(Beginning of GIVEN MATERIAL)

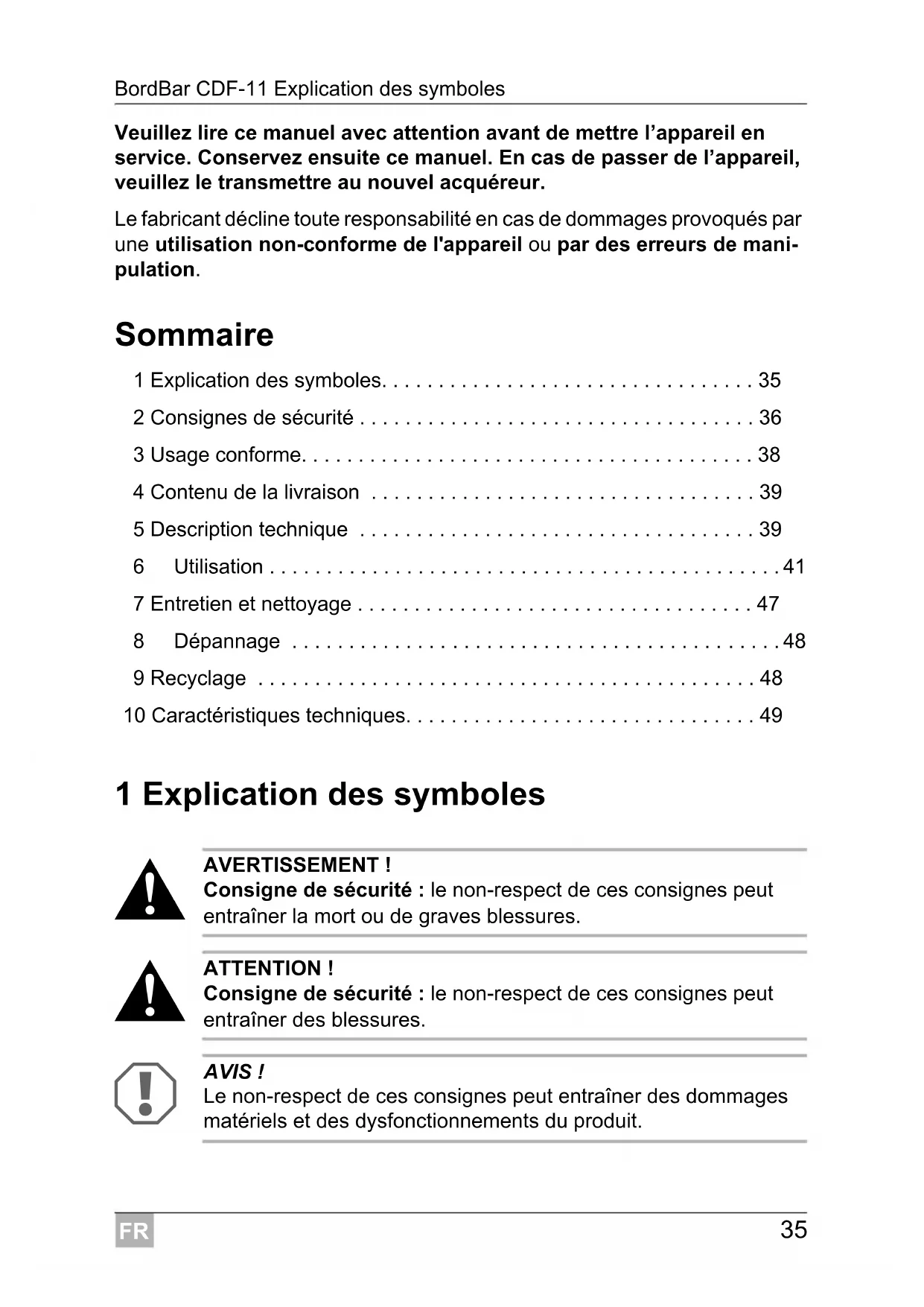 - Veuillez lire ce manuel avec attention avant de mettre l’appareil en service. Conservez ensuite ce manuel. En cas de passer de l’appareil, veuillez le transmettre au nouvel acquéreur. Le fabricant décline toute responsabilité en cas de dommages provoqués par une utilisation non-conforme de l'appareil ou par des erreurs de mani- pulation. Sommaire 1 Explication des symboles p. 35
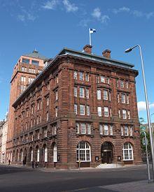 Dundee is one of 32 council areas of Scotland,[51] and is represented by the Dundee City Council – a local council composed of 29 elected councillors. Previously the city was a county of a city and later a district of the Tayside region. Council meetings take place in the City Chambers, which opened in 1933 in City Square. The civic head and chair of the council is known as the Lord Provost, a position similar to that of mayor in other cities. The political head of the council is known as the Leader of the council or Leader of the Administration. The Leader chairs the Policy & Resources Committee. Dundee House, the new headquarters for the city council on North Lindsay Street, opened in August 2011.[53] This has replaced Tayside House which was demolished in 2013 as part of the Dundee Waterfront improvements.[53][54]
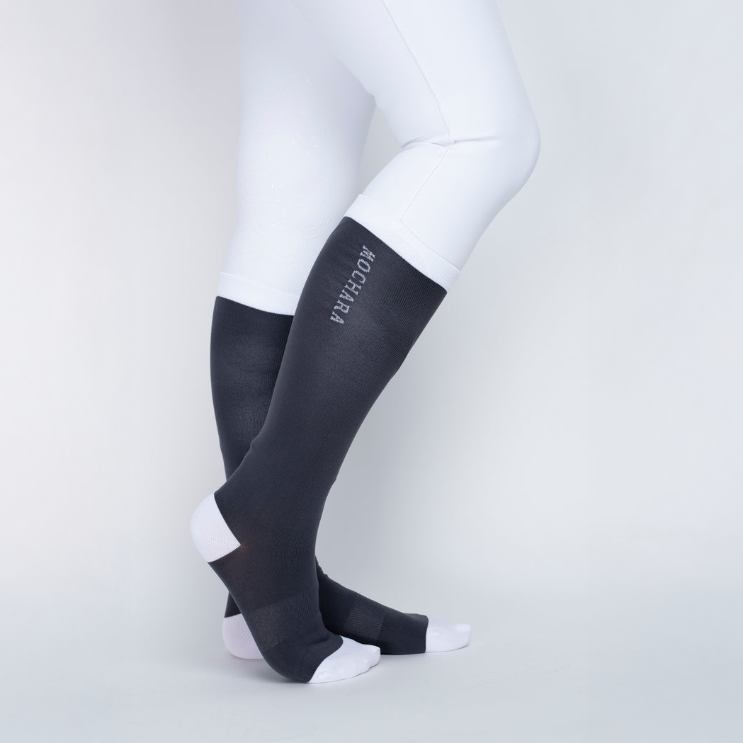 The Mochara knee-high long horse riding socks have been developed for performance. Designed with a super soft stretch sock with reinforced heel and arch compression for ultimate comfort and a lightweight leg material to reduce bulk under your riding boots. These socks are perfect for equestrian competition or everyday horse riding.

(End of GIVEN MATERIAL)

> [WORK TO COMPLETE]: Where the line containing "Dundee is one" appears, begin writing out the lines exactly, and continue through the end of the material above, omitting pictures.

> [RESULT OF THE TASK]:
 Dundee is one of 32 council areas of Scotland,[51] and is represented by the Dundee City Council – a local council composed of 29 elected councillors. Previously the city was a county of a city and later a district of the Tayside region. Council meetings take place in the City Chambers, which opened in 1933 in City Square. The civic head and chair of the council is known as the Lord Provost, a position similar to that of mayor in other cities. The political head of the council is known as the Leader of the council or Leader of the Administration. The Leader chairs the Policy & Resources Committee. Dundee House, the new headquarters for the city council on North Lindsay Street, opened in August 2011.[53] This has replaced Tayside House which was demolished in 2013 as part of the Dundee Waterfront improvements.[53][54]
 The Mochara knee-high long horse riding socks have been developed for performance. Designed with a super soft stretch sock with reinforced heel and arch compression for ultimate comfort and a lightweight leg material to reduce bulk under your riding boots. These socks are perfect for equestrian competition or everyday horse riding.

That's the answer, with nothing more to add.